--- START ---

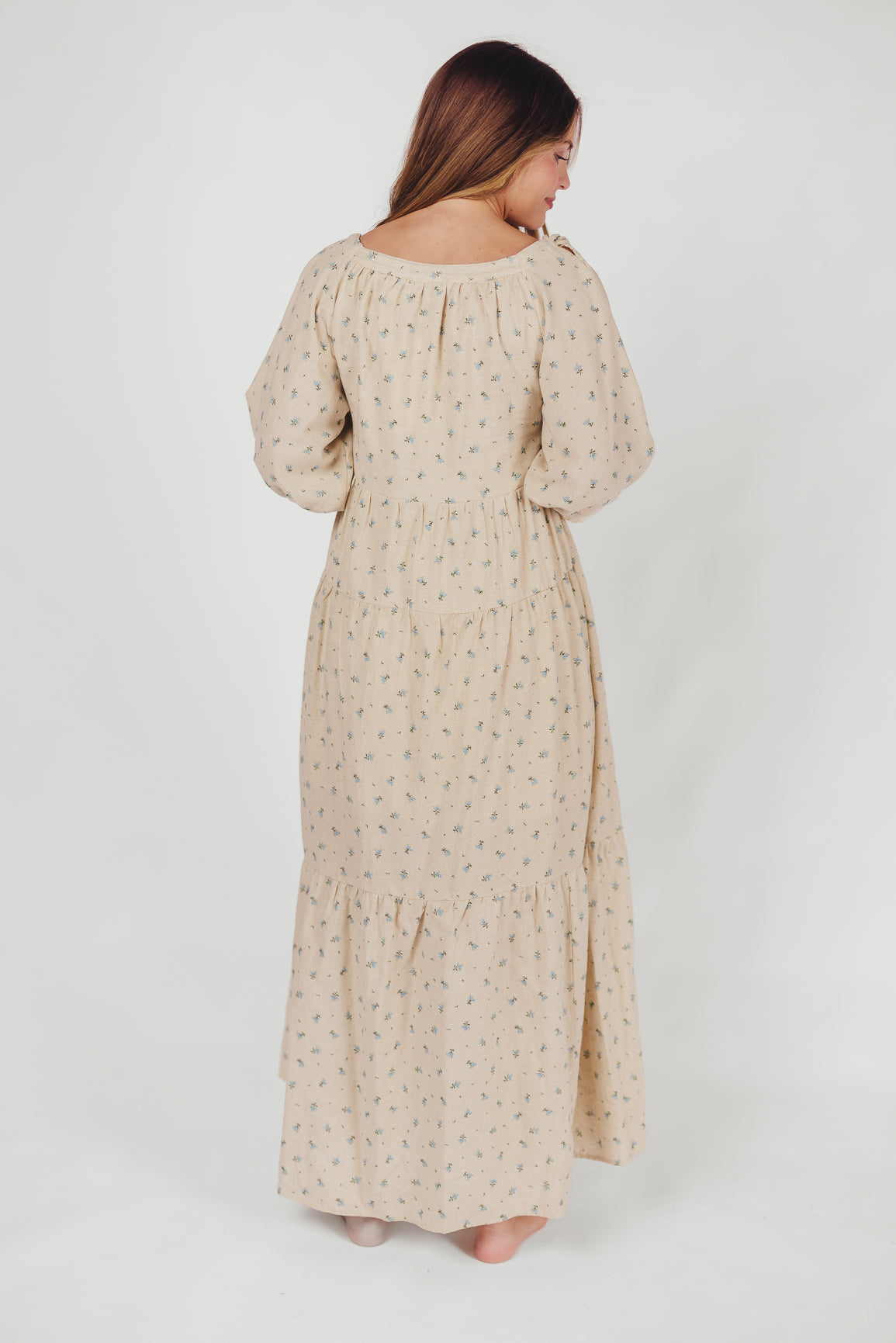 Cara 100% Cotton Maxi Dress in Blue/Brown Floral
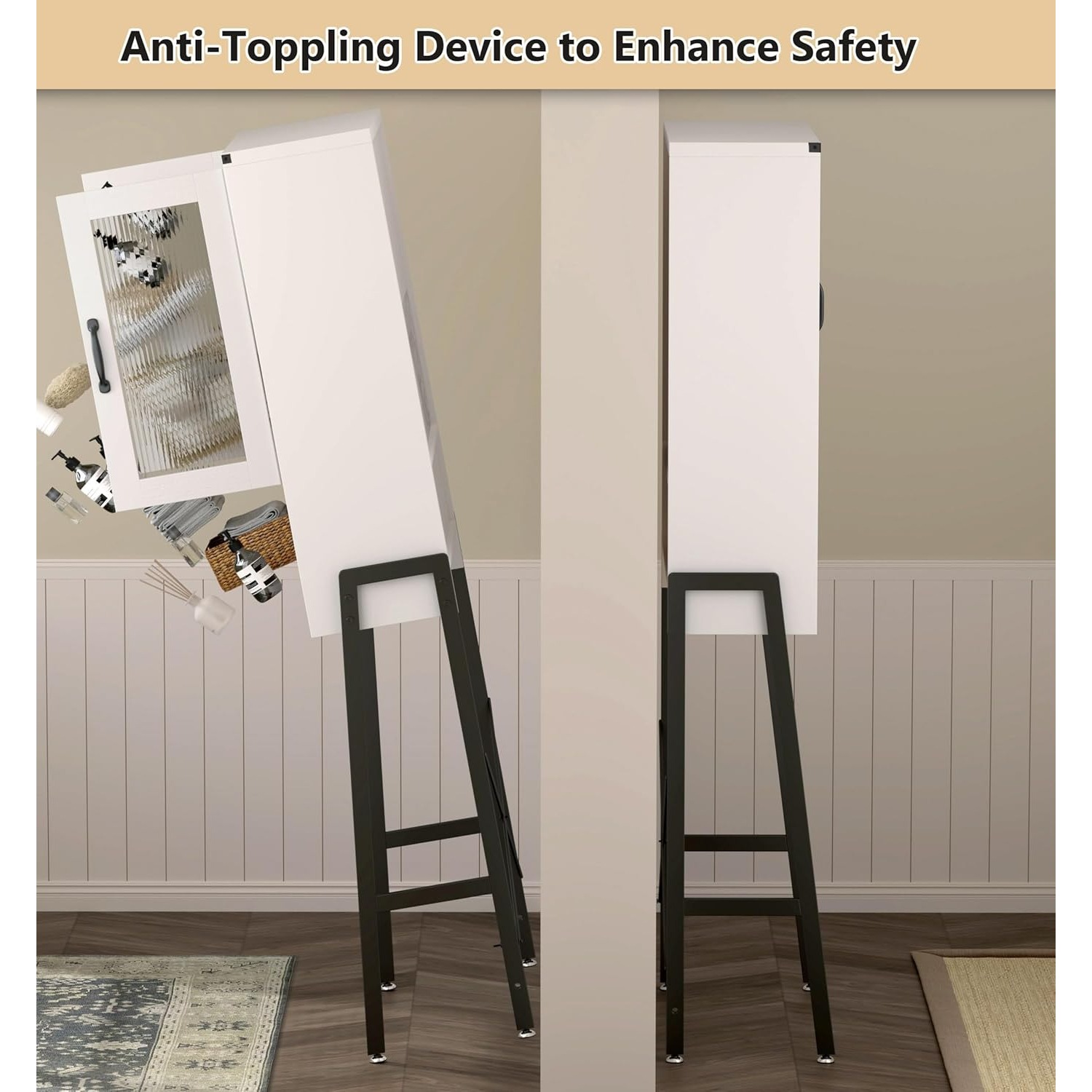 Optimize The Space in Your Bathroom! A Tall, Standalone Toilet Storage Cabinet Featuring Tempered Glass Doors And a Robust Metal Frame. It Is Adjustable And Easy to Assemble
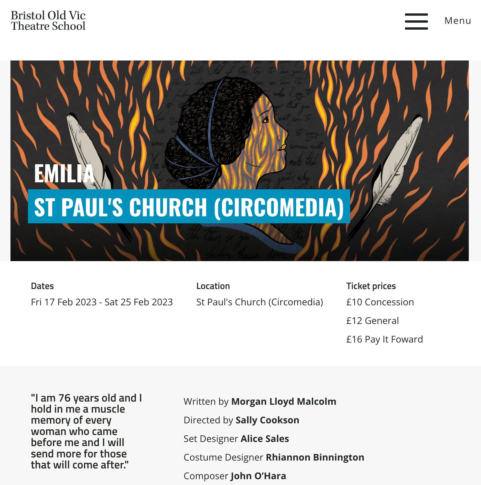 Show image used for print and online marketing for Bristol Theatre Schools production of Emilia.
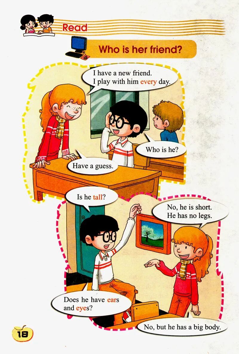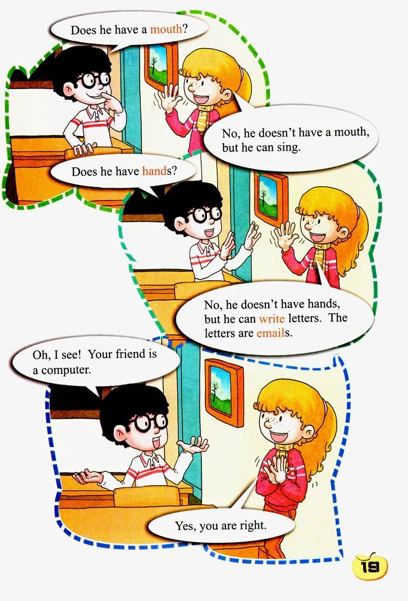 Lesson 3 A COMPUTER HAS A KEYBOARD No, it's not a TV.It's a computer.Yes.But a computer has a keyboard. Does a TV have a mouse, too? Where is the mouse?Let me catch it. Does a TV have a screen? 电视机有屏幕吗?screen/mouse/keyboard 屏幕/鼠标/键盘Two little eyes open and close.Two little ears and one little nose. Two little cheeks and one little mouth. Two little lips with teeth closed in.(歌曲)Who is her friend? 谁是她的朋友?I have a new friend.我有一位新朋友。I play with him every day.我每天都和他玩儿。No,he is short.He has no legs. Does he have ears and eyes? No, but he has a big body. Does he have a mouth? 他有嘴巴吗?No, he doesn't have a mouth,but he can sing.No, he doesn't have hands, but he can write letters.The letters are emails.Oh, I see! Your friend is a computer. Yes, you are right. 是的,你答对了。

--- END ---

— Exercise goal —
Your answer must be the exact lines from the start of the data through the line with "Show image used", inclusive, and nothing else; pictures do not belong in it.

— Answer for this exercise —
 Cara 100% Cotton Maxi Dress in Blue/Brown Floral
 Optimize The Space in Your Bathroom! A Tall, Standalone Toilet Storage Cabinet Featuring Tempered Glass Doors And a Robust Metal Frame. It Is Adjustable And Easy to Assemble
 Show image used for print and online marketing for Bristol Theatre Schools production of Emilia.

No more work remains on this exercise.